19 ayrı şikayeti size gösterebilirim. YSK'ya itirazlar da bulunduk. Saat 17.21 itibarıyla şimdi burada gördüğünüz kısa mesajla YSK tarafından seçim kurullarına gönderilmiştir; sayım döküm işlemlerini siyasi parti müşahitlerinin ve o sandıkta yer alan seçmenlerin izlemesi gerekmektedir. Doğu ve Güneydoğu sandıkları 16.00'da açıldı. Bu mesaj gittiğinde 1 saat olmuş, sayım bitmişti. Bunlar özellikle 2017 anayasa referandumunun tarihin yeniden tekekrür ettiği bir referandumdur. Bu referandum açık oy, gizli sayım ilkesinin uygulandığı sopalı seçim olarak tarihte kara leke olacaktır.
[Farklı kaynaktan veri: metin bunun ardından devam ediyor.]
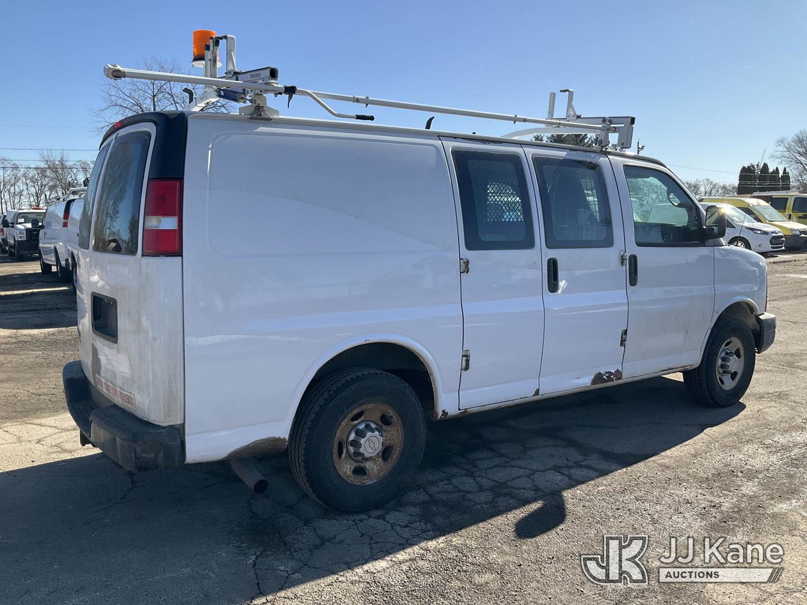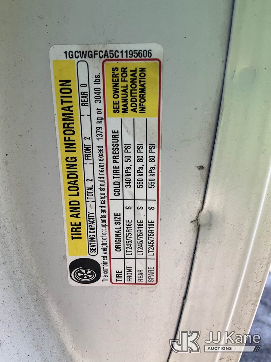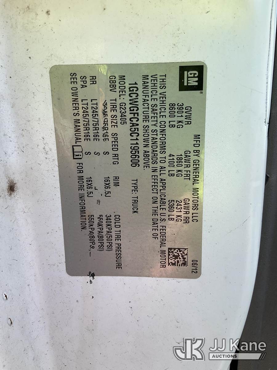 2012 Chevrolet Express G2500 Cargo Van, 4.8L V8 OHV 16V FFV gas, RWD, 6-Speed Automatic, A/C, with ladder rack, (123,454 miles) (Runs & Moves) (Check Engine Light On, Paint/Rust Damage) (Reads 5,302 hours) This is a Titled Item NOTE: This unit is being sold AS IS/WHERE IS via Timed Auction and is located in South Beloit, IL. Inspection & preview days for this unit are the 2 business days prior to the first day of items closing for this auction, item is located at 14354 Dearborn Ave South Beloit, IL and hours of operations are 8a-4p. For pre-sale questions, please contact Derek Eklund at (608) 904-0618 or (derek.eklund@jjkane.com). (Buyer is responsible for removal. Assistance by consignor or JJ Kane Auctions is not assured.)

YSK, güvenli bir seçim yapamamıştır, yaptırmamıştır. YSK'nın görevi seçimlerin yargı gözetim ve denetimi altında yapılmasını güvence altına almaktır. YSK, referandumun iktidar gözetimi altında yapılmasının aracı olmuştur. Kampanya döneminde medya denetimini sağlayan, seçim kanunu değişikliğini OHAL'le yapılan seçim kanunu değişikliğini YSK, anayasanın 67. maddesine rağmen yürürlükte kabul etmiştir. Tansiyonu düşürecek tek şeyin referandumun geçersiz sayılması olduğunu belirten Tezcan, referandumla ilgili şikayetlerini Anayasa Mahkemesi'ne götüreceklerini, gerekirse de konuyu AİHM'e taşıyacaklarını belirtti.